See `references/review_protocol.md` for dispatch, re-verify behavior, and the
single-agent fallback. See `references/review_dimensions.md` for the reviewer
checklists. See `references/severity_rubric.md` for severity and verdict
calculation.

## Finding schema

```
- severity: high | medium | low
  dimension: research-design | evidence-sufficiency | context-communication | adversarial
  subdimension: question | scope | method | validation | claim | literature | narrative | standalone
  where:    <notebook>:<cell-or-section>  (or "project-level")
  what:     <one-sentence statement of the issue>
  why:      <which rule / reference / convention is violated, or which evidence is missing>
  fix:      <concrete remediation or follow-up question>
  blocks_supported: yes | no
```

`blocks_supported = yes` on any finding makes a `verdict = "supported"`
decision a protocol violation until the finding is resolved or explicitly
parked with a recorded reason.

## Single-agent fallback

If parallel sub-agent dispatch is unavailable, run the four reviewer groups
sequentially in four distinct passes, clearing context or re-reading the
notebook from scratch between passes. Do not collapse the groups into one mixed
review. Run the adversarial pass with the minimum bundle only.

## Common rationalizations to resist

| Excuse | Reality |
|---|---|
| "The robustness battery passes, so the research is sound" | Robustness measures stability of an implemented PnL. It cannot tell you whether the design supports the claim. |
| "The user just wants quick feedback, not a full review" | If they asked for a review, run the protocol. Quick feedback is a different prompt. |
| "I read the notebook end-to-end; that's a review" | Single-pass reading consistently misses dimensions. Four focused passes keep attention narrow. |
| "The adversarial reviewer should also see the literature folder" | No. The asymmetry is the mechanism.
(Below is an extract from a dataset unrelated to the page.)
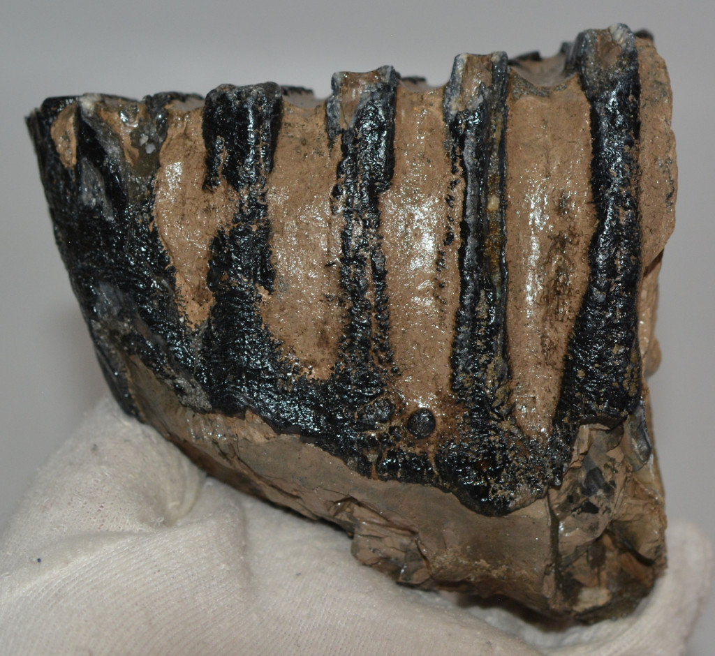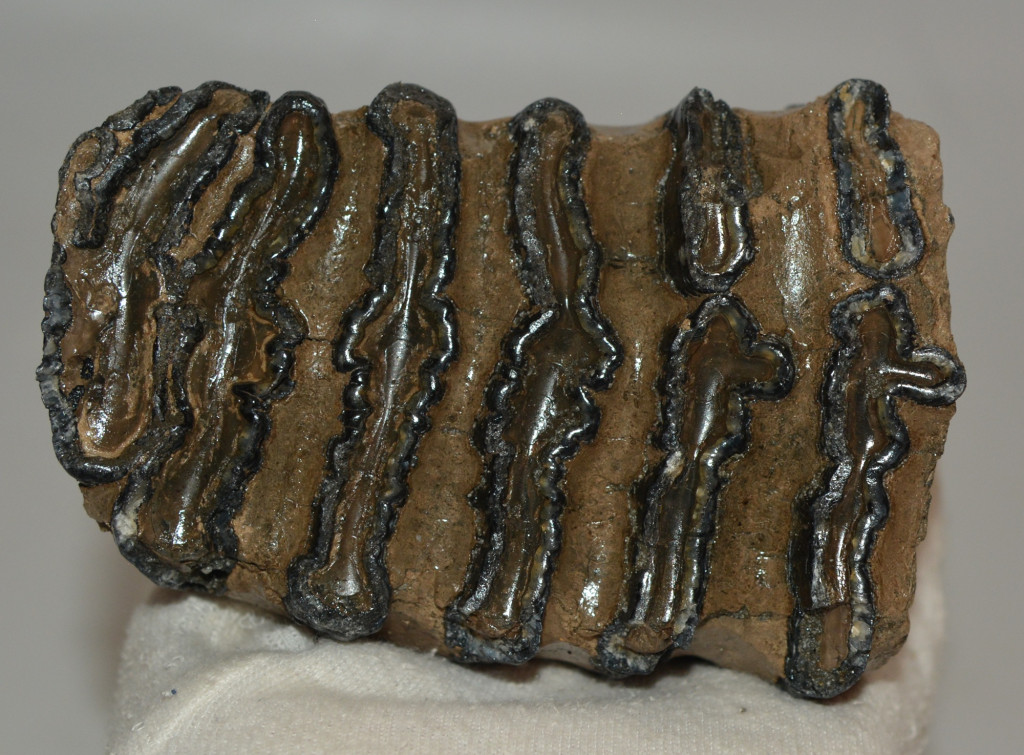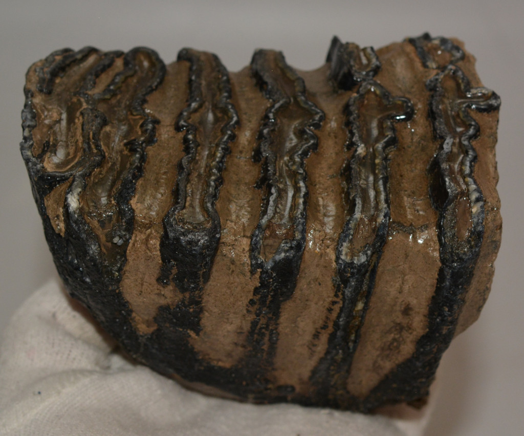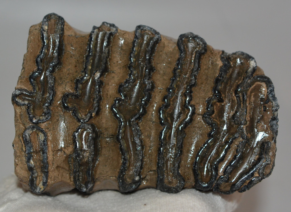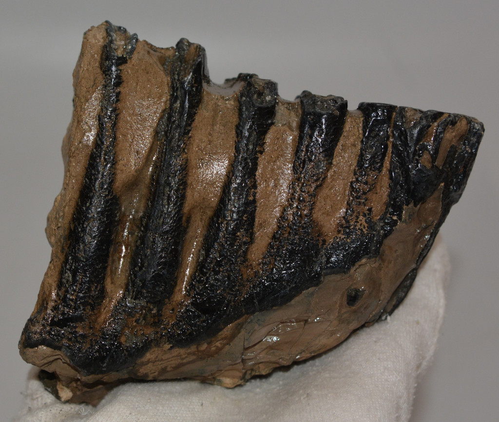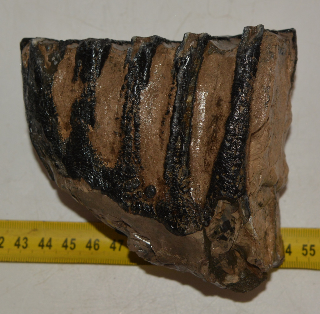 Mammuthus meridionalis (déli mamut) részleges fog. A mamut fosszília Magyarországon, Pest megyében kavicsbányászat során került a felszínre. A fog méretei kb: hosszúsága 112 mm, magassága 104 mm, szélessége 81 mm. Tömege kb: 961 gramm + csomagolás. A fog felülete ethanolba oldott Polyvinyl Butyral 30 nevű anyaggal van konzerválva.

A fully briefed adversary is no longer cold-eye. |
| "There's no decisions.md / hypotheses.md, so I can't follow the protocol" | Degrade gracefully: log the missing artifact as a finding and continue. |
| "The bug-review already ran" | Different question. `bug_review` checks correctness; experiment-review checks claim warrant. |
| "It's only a single experiment, full review is overkill" | A single experiment carrying a supported claim needs the gate most. |

## Red flags — the review is not actually being run

- A delivered review with no severity tags
- A delivered review covering fewer than four reviewer groups explicitly
- A delivered review that says "looks fine" without naming checked evidence
- The adversarial reviewer received project context, prior cycles, literature,
  decisions, hypotheses, or other reviewers' findings

## Failure mode this skill prevents

A clean implementation that produces a real number on a too-narrow universe,
with the wrong baseline, weak prior-work differentiation, and an overstated
deployment claim. The numbers can be real while the claim is unsupported.